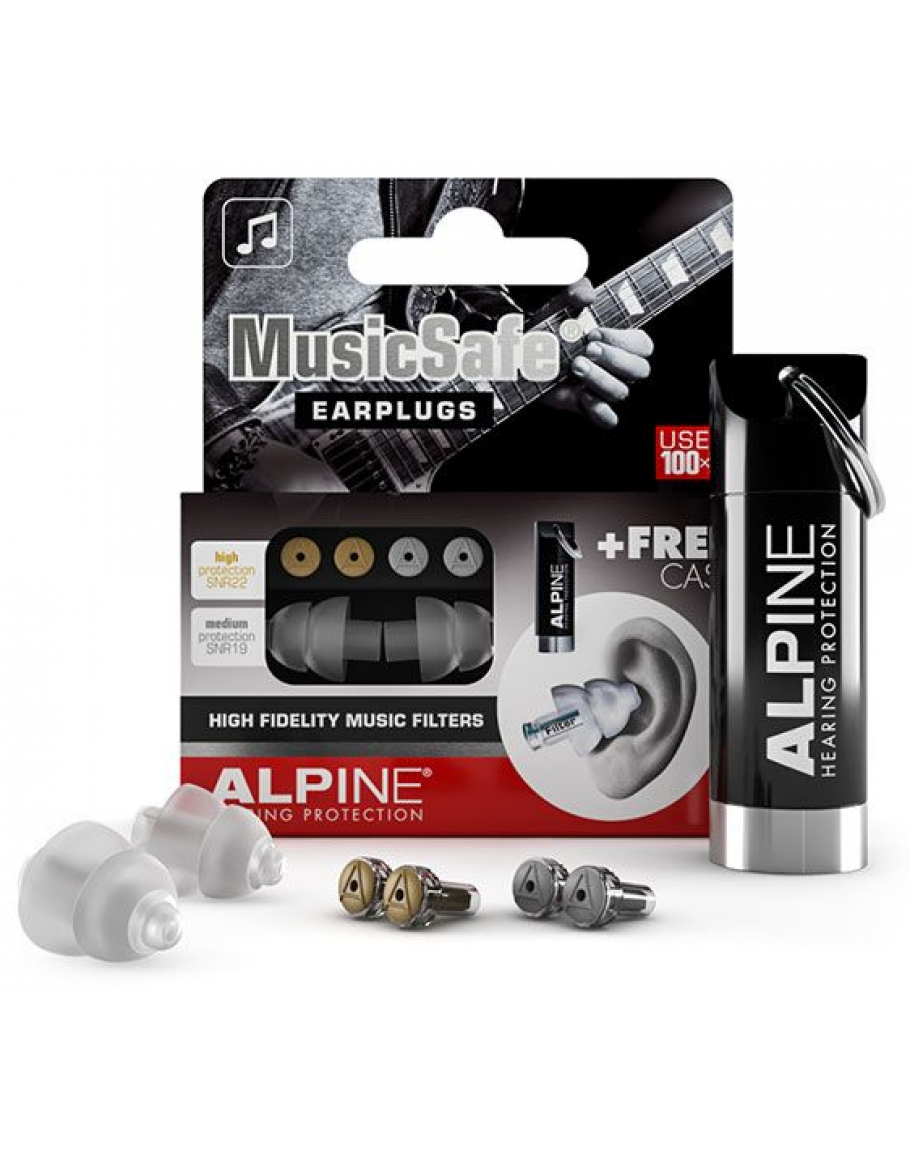 -Inclui 1 par de tampões MusicSafe Classic, 2 pares de filtros musicais (1 atenuação média + 1 atenuação alta) e 1 estojo de transporte tipo porta-chaves
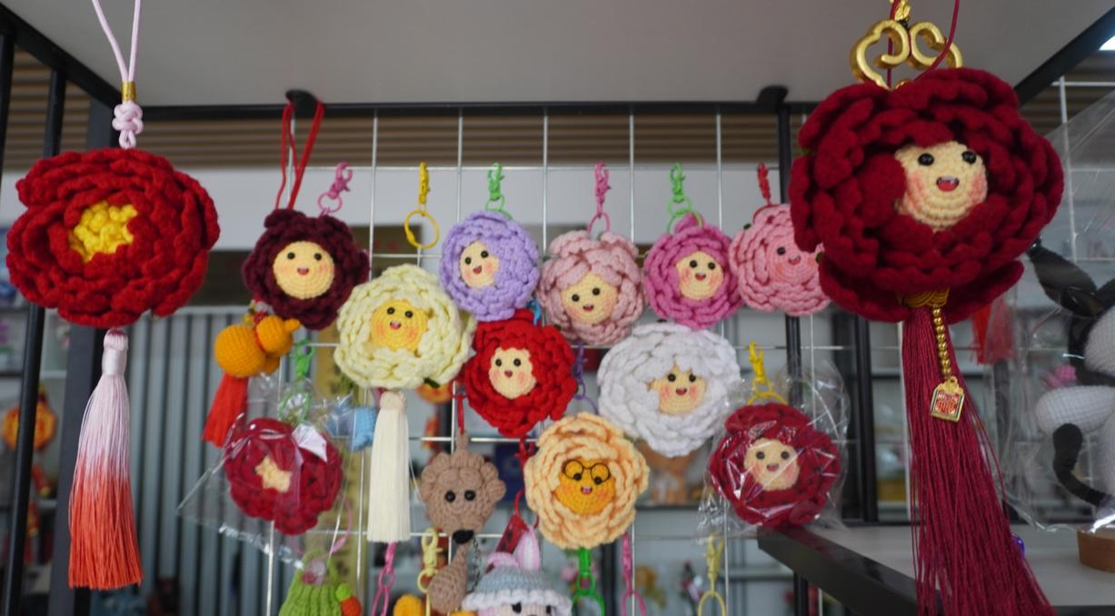 在“丹丹仔”众多产品中,钩织备受游客喜爱,它由鲁西南古法钩织技艺一针一线手工打造。这是辰禾文创与菏泽鲁西新区非遗技艺的一次深度联动。公司邀请鲁西南古法钩织技艺传承人张惠灵带领手工团队,用传统钩织工艺制作“丹丹仔”。
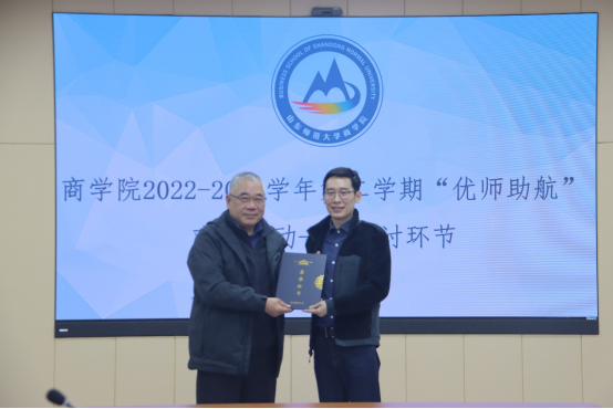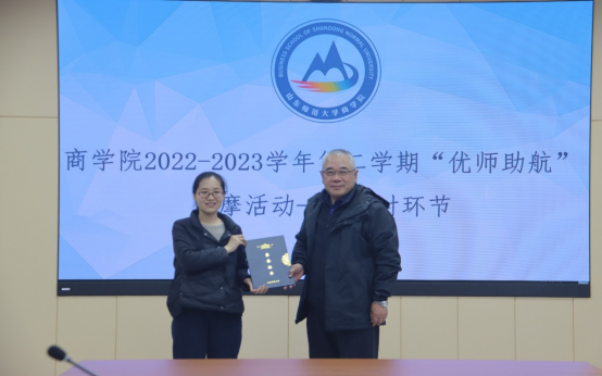 课堂展示结束后,参加观摩课的老师们前往文济楼549开展教学研讨,会议由刘丽娜主持。柳兴国首先在教师教态,课堂布局,情景导入等几个方面对李扬老师和随培培老师的教学进行了高度评价,他认为两位教师的课堂内容设计合理,坚持问题驱动,激发了学生的自主学习能力,实现了师生之间有效互动。同时也指出了教学中出现的一些问题。他指出,在课堂设计方面,引入环节要兼具趣味性与专业性,引发学生学习兴趣的同时要与本专业紧密相扣;课程教学要紧扣引入环节,将引入的案例贯穿整节课堂,注重课堂的整体性;思政的融入要自然顺畅;重视课堂时间的把控,避免出现分析时间过长,分析过程不够清晰的现象。最后,柳兴国发表了本次活动对他产生的启发与建议。他认为,教学过程中要在采取多样的分析方法的同时体现钻研的深入,从而增加课堂的厚度,提高课堂逻辑的严谨性,把握好教学细节的同时也不能忽略课堂的整体性。还指出在课堂设计中要体现层次性,可以通过改进ppt和课堂语言进行分点分析,避免信息点的罗列对学生产生的压迫感,层层递进的引导才能使得知识脉络更加清晰。研讨结束后,柳兴国为李扬和随培培颁发证书。
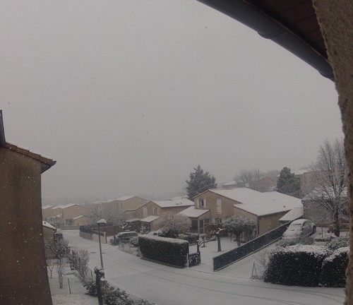 On a eu du verglas, du moins 7 et là il y a 5 cm de neige et la neige tombera toute la semaine !!!
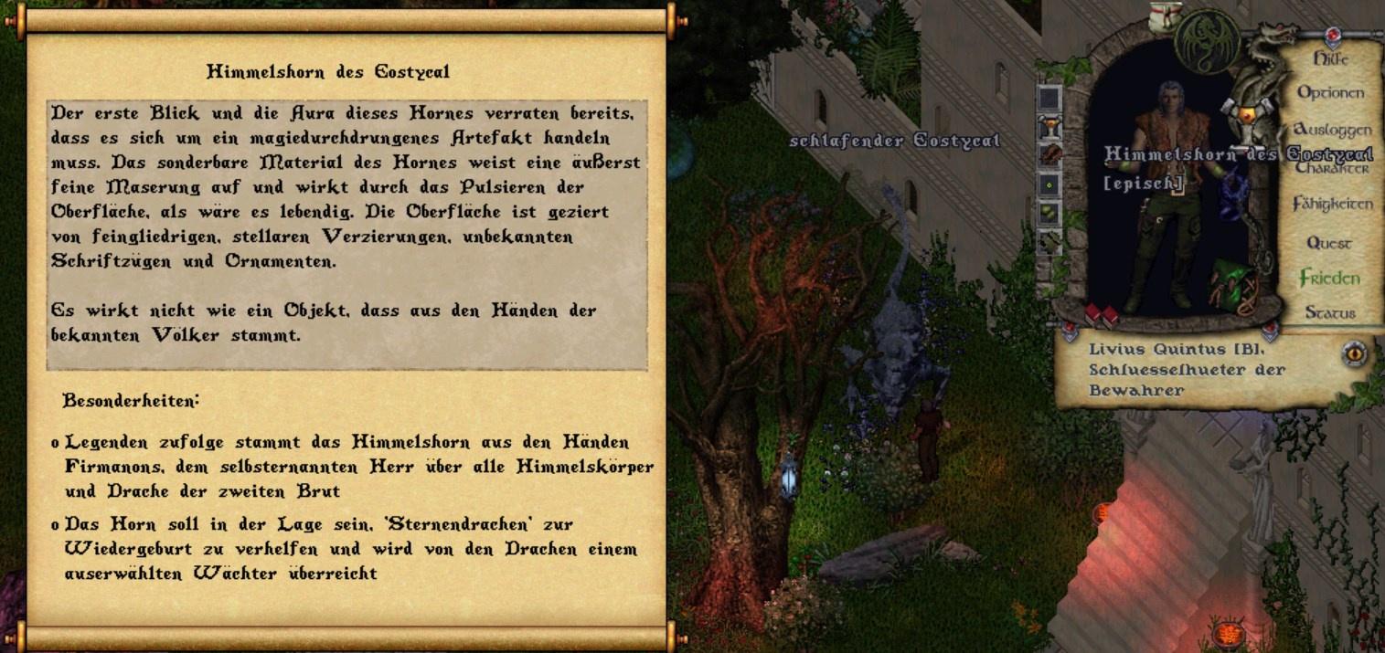Der Drache bat uns, durch einen Weg den er fand, um mit uns zu kommunizieren, dass wir etwas für ihn suchen mögen. Es handelt sich dabei um ein Horn, ohne den er offenbar nicht leben kann. Dieses Horn wurde vor Jahrtausenden in drei Stücke geteilt, wovon der Aufenthalt zweier uns inzwischen bekannt ist, sofern uns niemand zuvor kam.
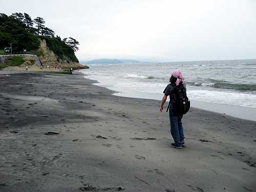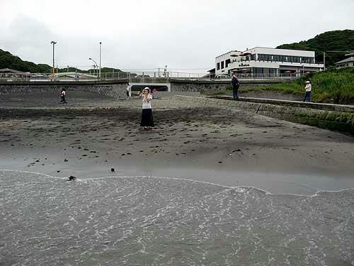 背景に見える白い建物(僕はここで帰りにビールを飲んだ)の向こう(並び)が稲村ヶ崎温泉です。

════

**Task brief:** Start at the first line and set down all of the data exactly, passing over the pictures.

**Task solution:**
 -Inclui 1 par de tampões MusicSafe Classic, 2 pares de filtros musicais (1 atenuação média + 1 atenuação alta) e 1 estojo de transporte tipo porta-chaves
 在“丹丹仔”众多产品中,钩织备受游客喜爱,它由鲁西南古法钩织技艺一针一线手工打造。这是辰禾文创与菏泽鲁西新区非遗技艺的一次深度联动。公司邀请鲁西南古法钩织技艺传承人张惠灵带领手工团队,用传统钩织工艺制作“丹丹仔”。
 课堂展示结束后,参加观摩课的老师们前往文济楼549开展教学研讨,会议由刘丽娜主持。柳兴国首先在教师教态,课堂布局,情景导入等几个方面对李扬老师和随培培老师的教学进行了高度评价,他认为两位教师的课堂内容设计合理,坚持问题驱动,激发了学生的自主学习能力,实现了师生之间有效互动。同时也指出了教学中出现的一些问题。他指出,在课堂设计方面,引入环节要兼具趣味性与专业性,引发学生学习兴趣的同时要与本专业紧密相扣;课程教学要紧扣引入环节,将引入的案例贯穿整节课堂,注重课堂的整体性;思政的融入要自然顺畅;重视课堂时间的把控,避免出现分析时间过长,分析过程不够清晰的现象。最后,柳兴国发表了本次活动对他产生的启发与建议。他认为,教学过程中要在采取多样的分析方法的同时体现钻研的深入,从而增加课堂的厚度,提高课堂逻辑的严谨性,把握好教学细节的同时也不能忽略课堂的整体性。还指出在课堂设计中要体现层次性,可以通过改进ppt和课堂语言进行分点分析,避免信息点的罗列对学生产生的压迫感,层层递进的引导才能使得知识脉络更加清晰。研讨结束后,柳兴国为李扬和随培培颁发证书。
 On a eu du verglas, du moins 7 et là il y a 5 cm de neige et la neige tombera toute la semaine !!!
Der Drache bat uns, durch einen Weg den er fand, um mit uns zu kommunizieren, dass wir etwas für ihn suchen mögen. Es handelt sich dabei um ein Horn, ohne den er offenbar nicht leben kann. Dieses Horn wurde vor Jahrtausenden in drei Stücke geteilt, wovon der Aufenthalt zweier uns inzwischen bekannt ist, sofern uns niemand zuvor kam.
 背景に見える白い建物(僕はここで帰りにビールを飲んだ)の向こう(並び)が稲村ヶ崎温泉です。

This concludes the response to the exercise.